Monday, May 5, 2003

Goodbye to New York, Part 4

I loved Miracle on 34th Street until I became a New Yorker. On that first Thanksgiving in the city, for that’s when Christmas starts here, the holiday became my third symbol of New York. I love the Christmas season because everything is so happy, even the women Goodwill Santas collecting dimes from wealthy Long Island shoppers outside of Macy's during a blizzard or even in slush. It seems like everything is dying around me even while remaining so hiddenly vibrant. Call me sentimental but I cried during the Christmas All-School chapel this year, when the first graders processed down the isle with plastic candles in all their glory, the children's eyes focused intently on the outstretched arms of squatting teachers at their destination. I picked out you and Bobby and Giulia and Laurence, vicariously remembering you when you were six through these unfamiliar children, at the same time mixing future with the past and present and wondering if my children will be repeating the same holiday ritual in a few years. Then during "Once in Royal David's City," the words to a song I hear only here serenaded me and the strong beautiful voices of the thirty other people in chorus surrounded me like the timbre of a tympani drum. My eyes watered and I looked around at all the other seniors near me and saw similar tears in their eyes. We knew security was quickly leaving us and tradition slowly releasing its grip on us, ready to exclude us the next time around, though we may not be ready to let go.

Our eyes danced over the rows and rows of Trinity students in their uniforms and formal attire, and for once we did not spite the rules we loathe nor did we desire to change the system we criticize, but rather we accepted it for what it is indeed and found the beauty somehow, somewhere, in the moment.
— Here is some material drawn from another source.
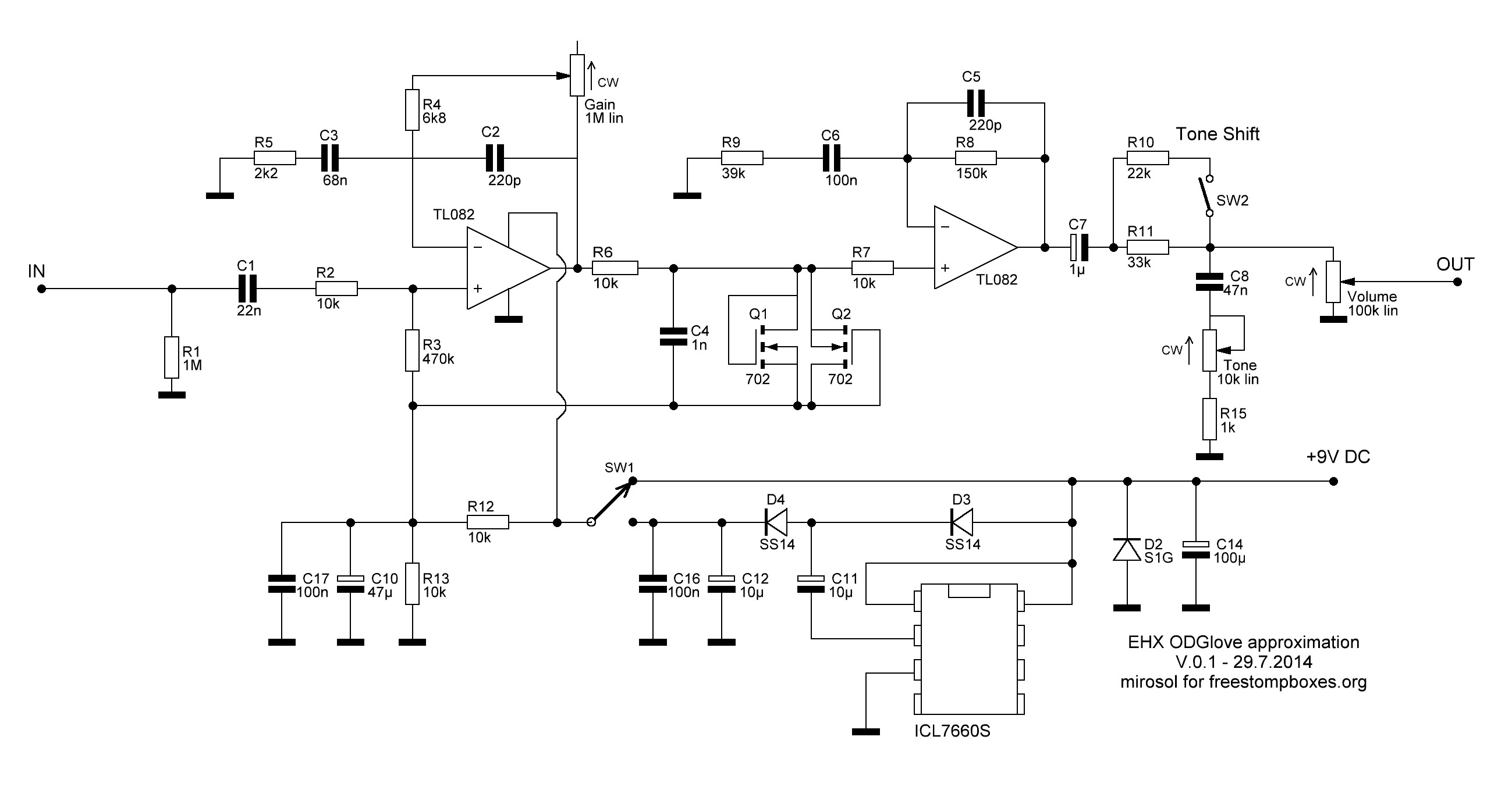 Analog, 2 oddělená zkreslení, silné a slabé. A nebo +- totéž je BOSS Dual Overdrive. Přepínání zvuků pomocí remote FS.

Some of us remembered the Messiah Sing-In two nights before and how we stood outside singing carols, as always, and were not ready to shed the tears we knew we would later shed over the moment. And then when Mr. Rupcich told us he would be conducting next year at that event, smiles and tears all around in the basement of that old church that only we know by heart, some happy because they will see him in all his glory, some sad knowing they will not be able to return for it. In a heartbeat the service was over and we didn't know exactly how to feel. Lost?